How to complete this task = Although the records contain pictures, none belong in the copy: restate word for word only the lines from the one with "Lampen har en" through the one with "График прибыльности майнинга", both included.

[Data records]

_ _ _

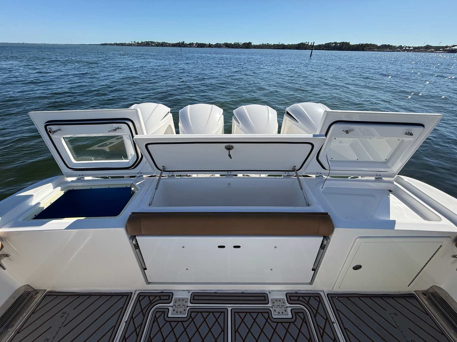 Power and performance are at the heart of the Everglades 435 CC. Equipped with four high-performance engines delivering a combined 1,400 horsepower, this center console boat is built to conquer the open seas with confidence and speed. The quad-engine setup provides exceptional acceleration, smooth cruising, and impressive top-end speed, making it ideal for long offshore runs, tournament fishing, or simply enjoying a thrilling ride with friends and family. With 500 engine hours, these engines have been maintained to ensure reliable performance and longevity. The advanced hull design ensures a dry, stable, and comfortable ride, even in challenging conditions, so you can focus on the adventure ahead.
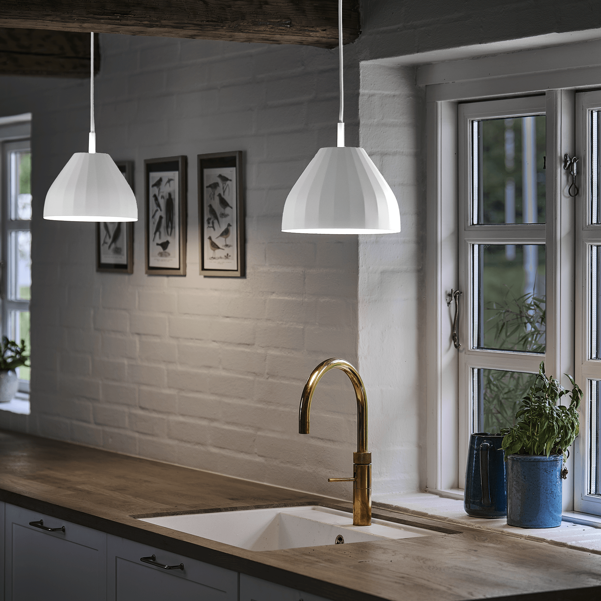 Lampen har en konisk form, hvor lyset rettes i to forskellige retninger – opad og nedad.
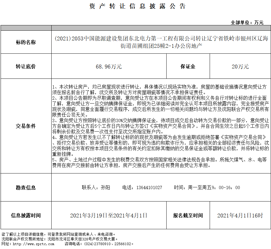 中國能源建設(shè)集團(tuán)東北電力第一工程有限公司轉(zhuǎn)讓 遼寧省鐵嶺市銀州區(qū)遼海街道苗圃組團(tuán)25幢2-1辦公房地產(chǎn)
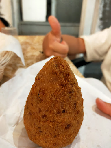 Definitely the best ice cream I had in a really long time (or ever). I had the tastes almond, pistacchio and chocolate. Especially, the almond ice cream was a dream with caramelized whole almonds. I also had a rice volcano there (arancino) and a calzone with ragù. It was still warm and so delicious. Also, it is inexpensive and can fill you up like a normal lunch. The young guys there were so nice and enjoyed telling me the story of the arancino. I'm not going to tell you, I don't want to spoil...
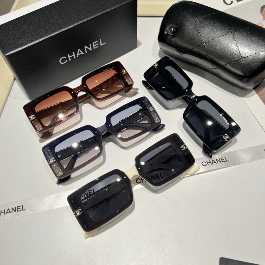 Chanel Rectangle Shiny Design Gradient Sunglasses Deep Blue
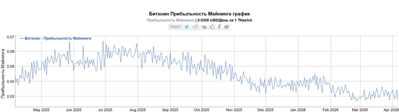 График прибыльности майнинга биткоина. Источник: BitInfoCharts
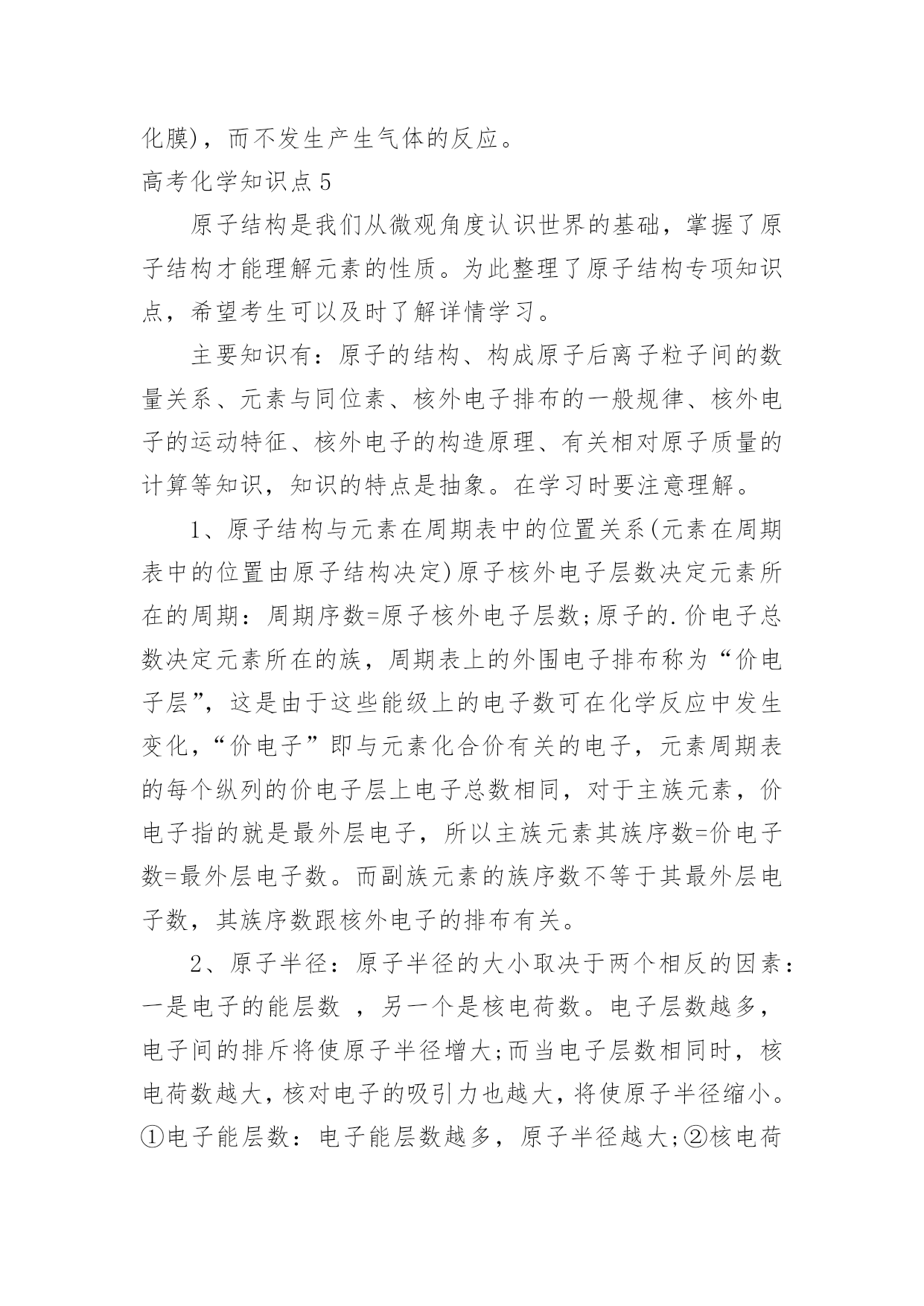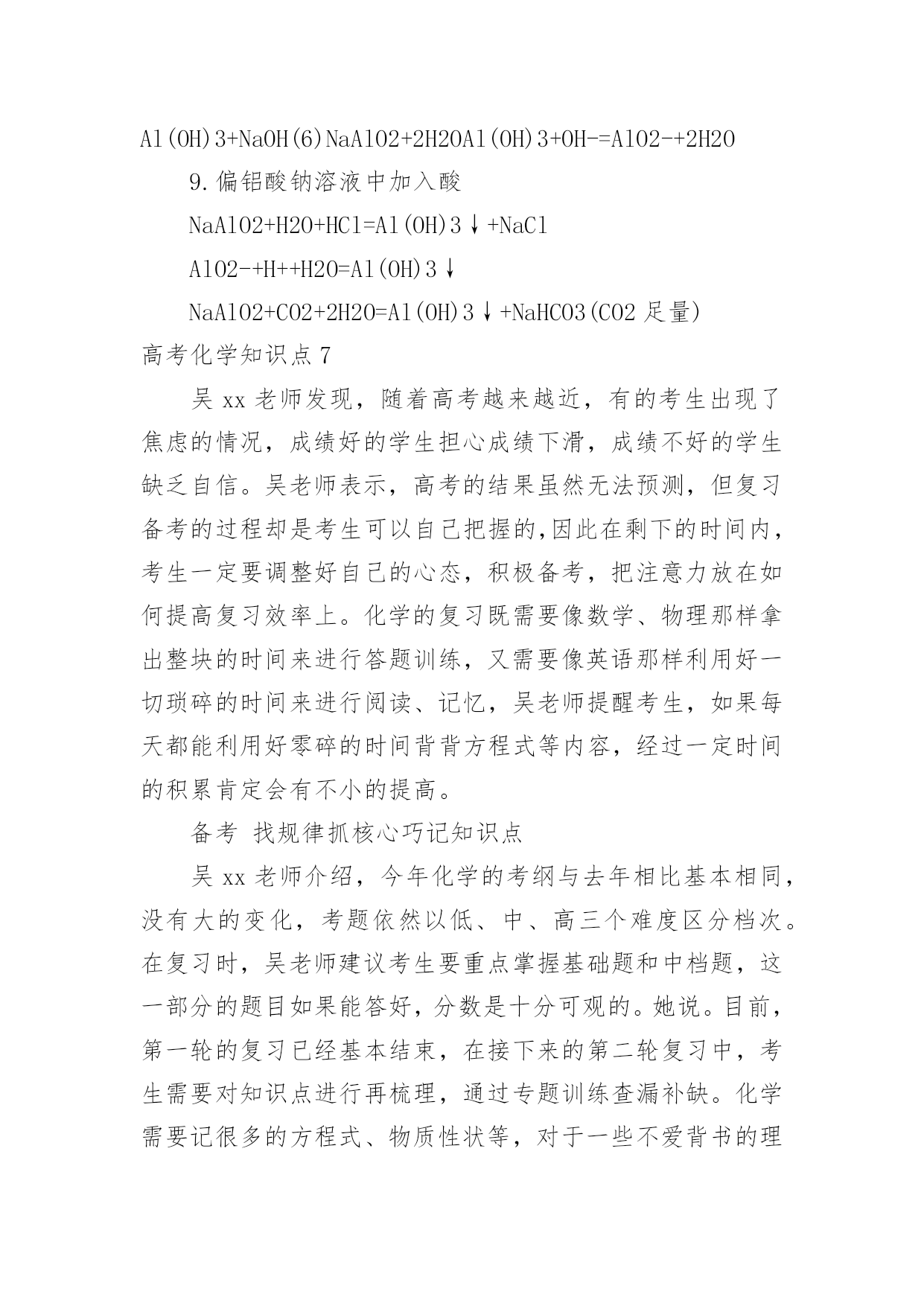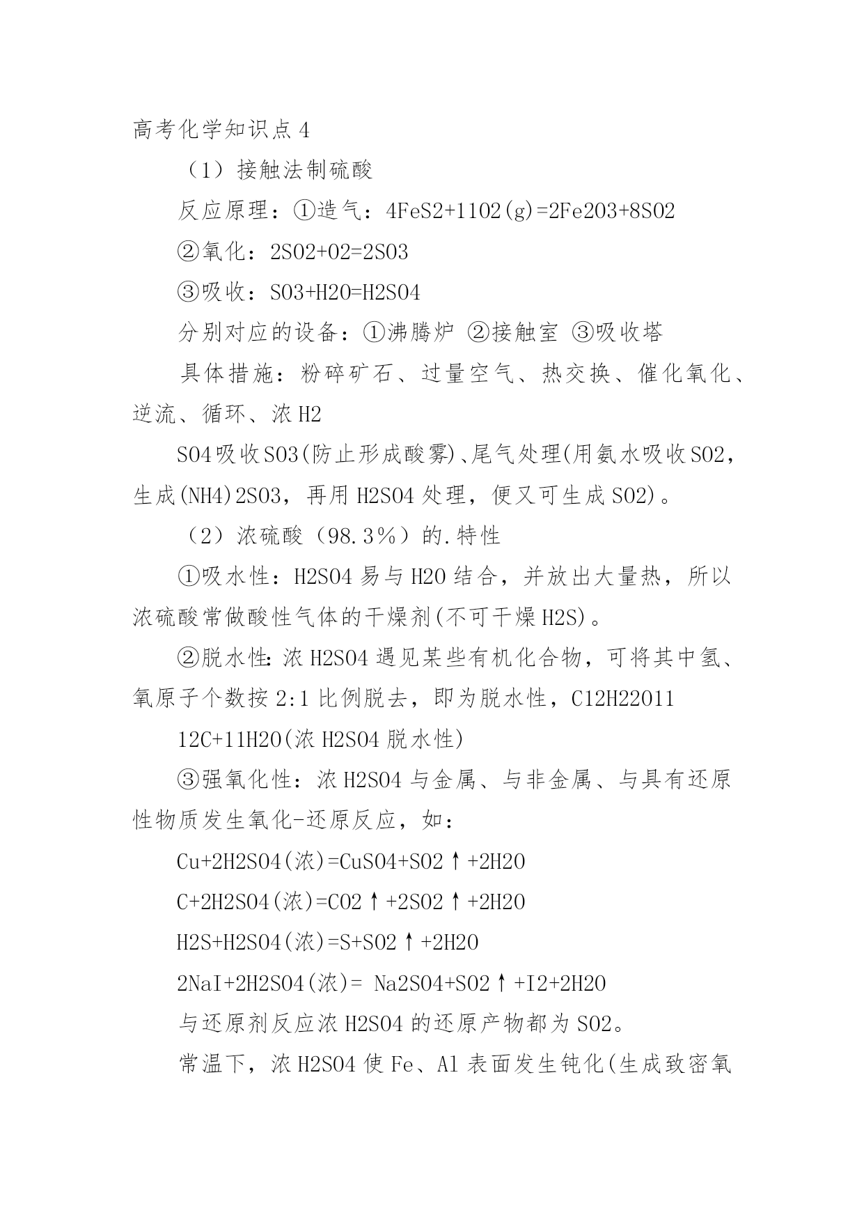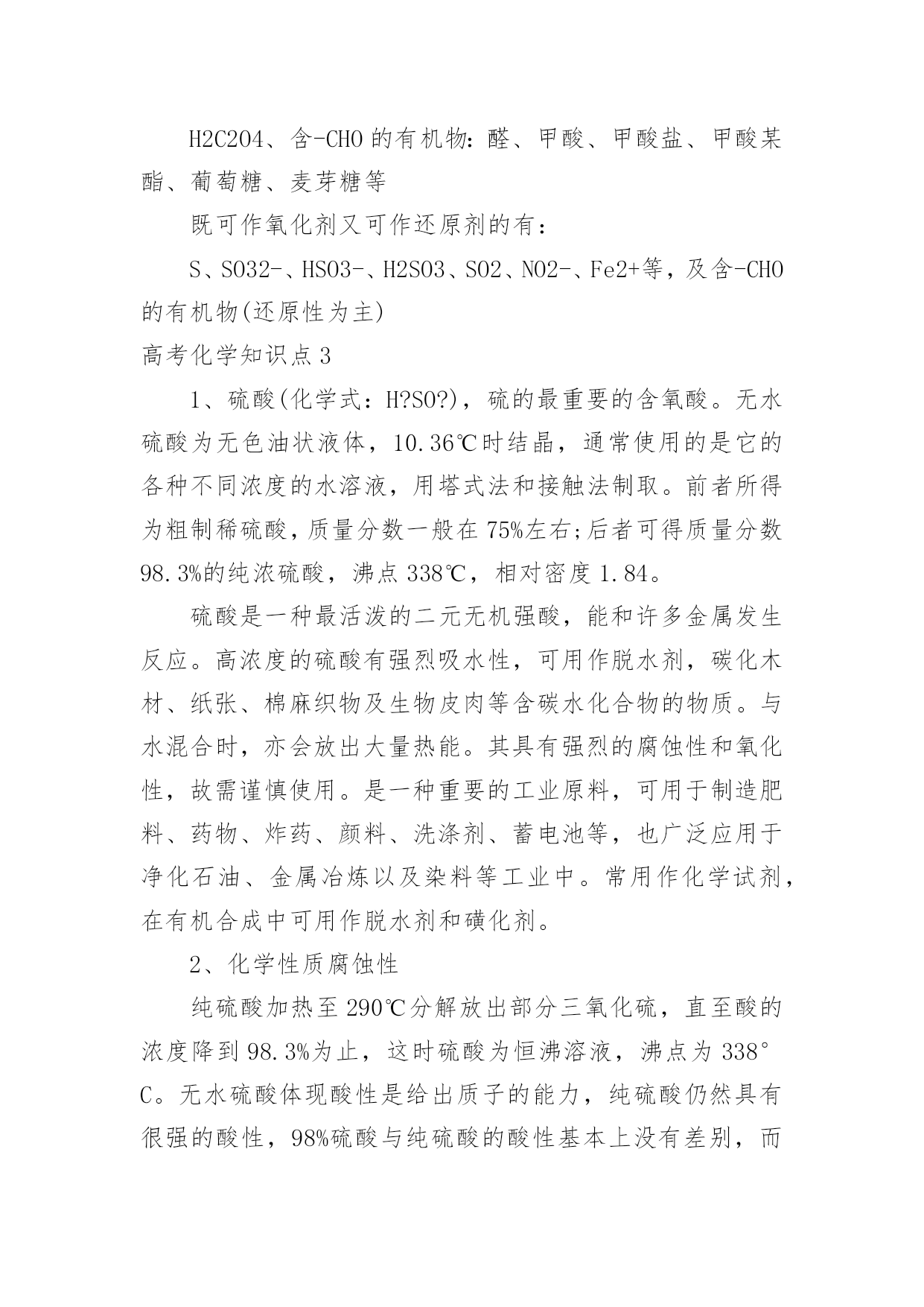 高考化学知识点高考化学知识点(通用15篇)在日常过程学习中,相信大家一定都接触过知识点吧!知识点就是学习的重点。哪些才是我们真正需要的知识点呢?下面是小编为大家整理的高考化学知识点,仅供参考,欢迎大家阅读。高考化学知识点1特殊的物理性质1.易液化的物质常压下SO2(-10℃)、NH3(-33.5℃)、Cl2(-34.6℃)2.SO3熔点和沸点都很低,标准状况下是一种无色晶体。3.H2SO4硫酸是一种无色透明、黏稠的'油状液体,常用的浓硫酸的质量分数为98.3%,密度为1.84g·cm-3(物质的量浓度为18.4mol·L-1),属高沸点、难挥发性酸。浓硫酸具有强腐蚀性,若浓硫酸不慎溅到衣服或皮肤上,应先用湿布擦去,然后用大量的水冲洗,再用3%~5%的碳酸氢钠溶液冲洗。4.单质溴易挥发,单质碘易升华5.易潮解的物质NaOH、MgCl2、CaCl2。6.气体溶解性归纳难溶于水:H2、N2、CO、NO、CH4、C2H4;微溶于水:O2、C2H2;较易溶于水:Cl2(1∶2)、H2S(1∶2.6)、CO2(1∶1)、SO2(1∶40);极易溶于水:HF、HCl、HBr、HI、NH3等。7.物质的气味有刺激性气味的气体:HCl、NH3、Cl2、SO2;有刺激性气味的液体:浓盐酸、浓硝酸、浓氨水、氯水、溴水。高考化学知识点2活泼非金属单质:X2、O2、S活泼金属单质:Na、Mg、Al、Zn、Fe某些非金属单质:C、H2、S高价金属离子:Fe3+、Sn4+不活泼金属离子:Cu2+、Ag+其它:[Ag(NH3)2]+、新制Cu(OH)2低价金属离子:Fe2+、Sn2+、非金属的'阴离子及其化合物:S2-、H2S、I-、HI、NH3、Cl-、HCl、Br-、HBr含氧化合物:NO2、N2O5、MnO2、Na2O2、H2O2、HClO、HNO3、浓H2SO4、NaClO、Ca(ClO)2、KClO3、KMnO4、王水、O3、低价含氧化合物:CO、SO2、H2SO3、Na2SO3、Na2S2O3、NaNO2、H2C2O4、含-CHO的有机物:醛、甲酸、甲酸盐、甲酸某酯、葡萄糖、麦芽糖等既可作氧化剂又可作还原剂的有:S、SO32-、HSO3-、H2SO3、SO2、NO2-、Fe2+等,及含-CHO的有机物(还原性为主)高考化学知识点31、硫酸(化学式:H?SO?),硫的最重要的含氧酸。无水硫酸为无色油状液体,10.36℃时结晶,通常使用的是它的各种不同浓度的水溶液,用塔式法和接触法制取。前者所得为粗制稀硫酸,质量分数一般在75%左右;后者可得质量分数98.3%的纯浓硫酸,沸点338℃,相对密度1.84。硫酸是一种最活泼的二元无机强酸,能和许多金属发生反应。高浓度的硫酸有强烈吸水性,可用作脱水剂,碳化木材、纸张、棉麻织物及生物皮肉等含碳水化合物的物质。与水混合时,亦会放出大量热能。其具有强烈的腐蚀性和氧化性,故需谨慎使用。是一种重要的工业原料,可用于制造肥料、药物、炸药、颜料、洗涤剂、蓄电池等,也广泛应用于净化石油、金属冶炼以及染料等工业中。常用作化学试剂,在有机合成中可用作脱水剂和磺化剂。2、化学性质腐蚀性纯硫酸加热至290℃分解放出部分三氧化硫,直至酸的浓度降到98.3%为止,这时硫酸为恒沸溶液,沸点为338°C。无水硫酸体现酸性是给出质子的能力,纯硫酸仍然具有很强的酸性,98%硫酸与纯硫酸的酸性基本上没有差别,而溶解三氧化硫的发烟硫酸是一种超酸体系,酸性强于纯硫酸,但是广泛存在一种误区,即稀硫酸的`酸性强于浓硫酸,这种想法是错误的。的确,稀硫酸第一步电离完全,产生大量的水合氢离子H3O+;但是浓硫酸和水一样,自身自偶电离会产生一部分硫酸合氢离子H3SO4+,正是这一部分硫酸合质子,导致纯硫酸具有非常强的酸性,虽然少,但是酸性却要比水合质子强得多,所以纯硫酸的哈米特酸度函数高达-12.0。在硫酸溶剂体系中,H3SO4+经常起酸的作用,能质子化很多物质产生离子型化合物:NaCl+H2SO4==NaHSO4+HCl(不加热都能很快反应)KNO3+H2SO4→K++HSO4-+HNO3HNO3+H2SO4→NO2++H3O++2HSO4-CH3COOH+H2SO4→CH3C(OH)2++HSO4-HSO3F+H2SO4→H3SO4++SO3F-(氟磺酸酸性更强)上述与HNO3的反应所产生的NO2+,有助于芳香烃的硝化反应。3、接触法制硫酸反应原理:①造气:4FeS2+11O2(g)=2Fe2O3+8SO2②氧化:2SO2+O2=2SO3③吸收:SO3+H2O=H2SO4分别对应的设备:①沸腾炉②接触室③吸收塔具体措施:粉碎矿石、过量空气、热交换、催化氧化、逆流、循环、浓H2SO4吸收SO3(防止形成酸雾)、尾气处理(用氨水吸收SO2,生成(NH4)2

_ _ _

Answer section =
 Lampen har en konisk form, hvor lyset rettes i to forskellige retninger – opad og nedad.
 中國能源建設(shè)集團(tuán)東北電力第一工程有限公司轉(zhuǎn)讓 遼寧省鐵嶺市銀州區(qū)遼海街道苗圃組團(tuán)25幢2-1辦公房地產(chǎn)
 Definitely the best ice cream I had in a really long time (or ever). I had the tastes almond, pistacchio and chocolate. Especially, the almond ice cream was a dream with caramelized whole almonds. I also had a rice volcano there (arancino) and a calzone with ragù. It was still warm and so delicious. Also, it is inexpensive and can fill you up like a normal lunch. The young guys there were so nice and enjoyed telling me the story of the arancino. I'm not going to tell you, I don't want to spoil...
 Chanel Rectangle Shiny Design Gradient Sunglasses Deep Blue
 График прибыльности майнинга биткоина. Источник: BitInfoCharts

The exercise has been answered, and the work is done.